◆ GIVEN MATERIAL
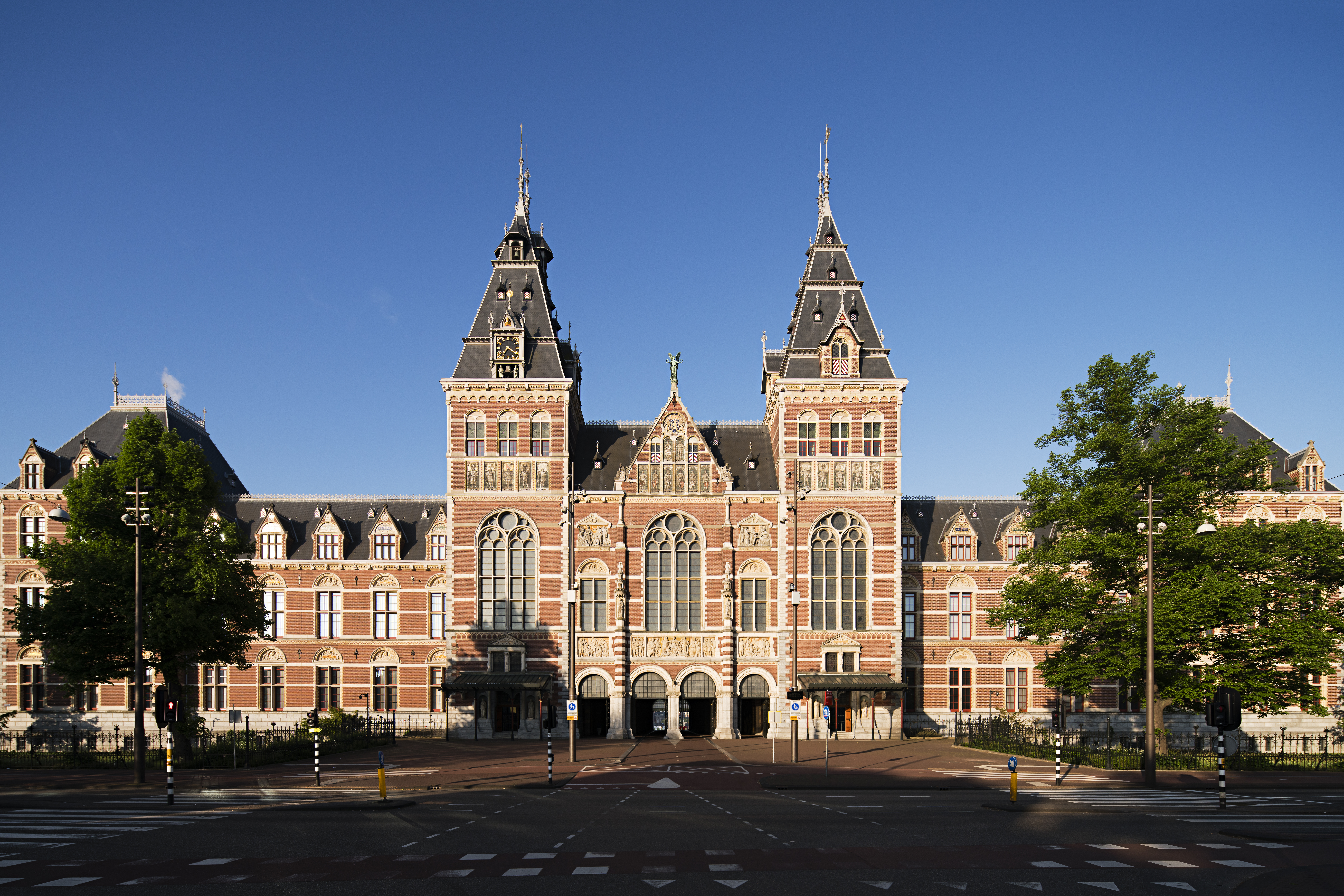 Facade-Rijksmuseum-Blue-Sky-with-trees-Roel-Baeckaert-Rechtenvrij
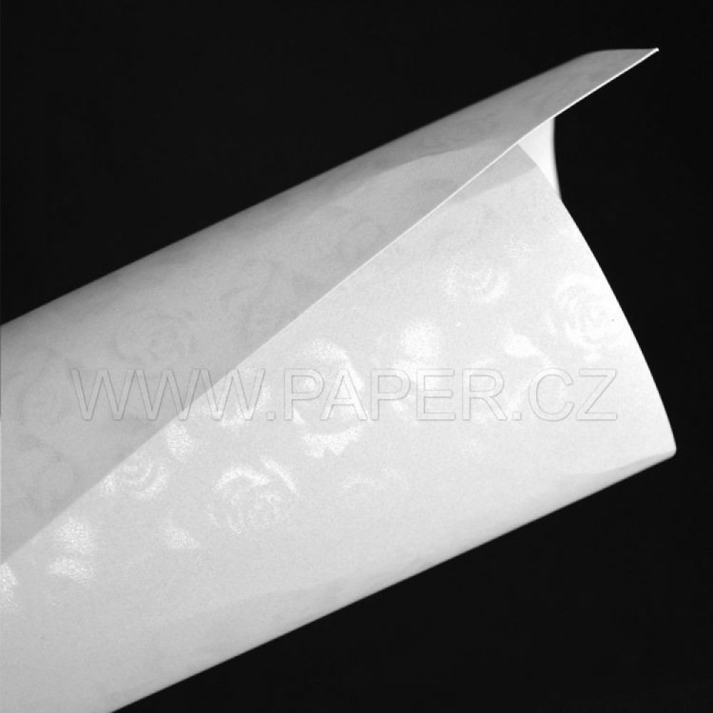 Elegantní metalizovaný karton s jemnou ražbou květin v krémové barvě.
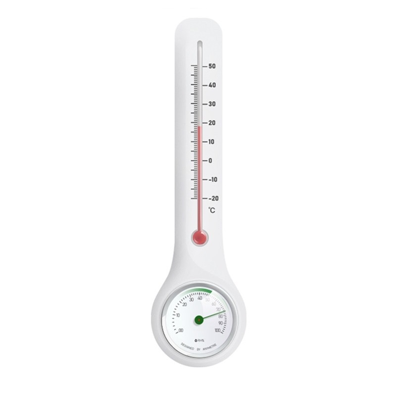 Een analoge thermometer / luchtvochtigheidsmeter.

◆ EXERCISE GOAL
Where a picture appears in the listing above, skip it and set down all the rest exactly.

◆ RESPONSE AREA
 Facade-Rijksmuseum-Blue-Sky-with-trees-Roel-Baeckaert-Rechtenvrij
 Elegantní metalizovaný karton s jemnou ražbou květin v krémové barvě.
 Een analoge thermometer / luchtvochtigheidsmeter.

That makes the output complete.